The headmaster of the School of Phlogiston is in high dudgeon because Billy Collins, in his introduction to 180 More, uses this opening stanza from Rae Armantrout as an example of inaccessible poetry:
Streamline to instantaneous
voucher in / voucher out
system.
Silliman correctly points out that the rest of the first section does "contextualize" the opening, and it is indeed to possible to make sense of what's going on — which I don't think is all that much, but then I haven't read the complete poem. Armantrout has done some fine work, and it may well be worth the effort of parsing this piece's elliptical references and foreshortened syntax.
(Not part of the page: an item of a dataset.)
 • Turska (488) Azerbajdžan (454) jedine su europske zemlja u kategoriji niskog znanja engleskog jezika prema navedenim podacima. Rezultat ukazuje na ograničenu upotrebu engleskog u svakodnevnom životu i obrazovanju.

But Jesus H. Christ on a Harley Davidson, 180 More is intended to introduce new readers — high school readers — to poetry, to entice and intrigue. In an anthology like this one, and perhaps in any anthology, a poem's got about two seconds to make the reader want to pay attention. Only familiarity with and interest in Armantrout's other work might lead a reader on in this case, and that is just what we have not got in the intended readership of this book.
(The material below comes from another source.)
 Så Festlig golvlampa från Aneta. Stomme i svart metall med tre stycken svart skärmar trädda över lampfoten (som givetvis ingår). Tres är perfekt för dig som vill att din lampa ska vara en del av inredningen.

It isn't a question of the value of "difficult" versus "accessible" poems in any absolute sense, but of developing readers who find sufficient pleasure in poetry of some kind that they become willing to risk a little of their time navigating texts which may not offer immediate rewards — though in my opinion, the rewards must always be commensurate with the effort, and that's seldom the case with the haut avant garde, and that's as it should be. Risk-takers, as valuable as they can be, must usually fail.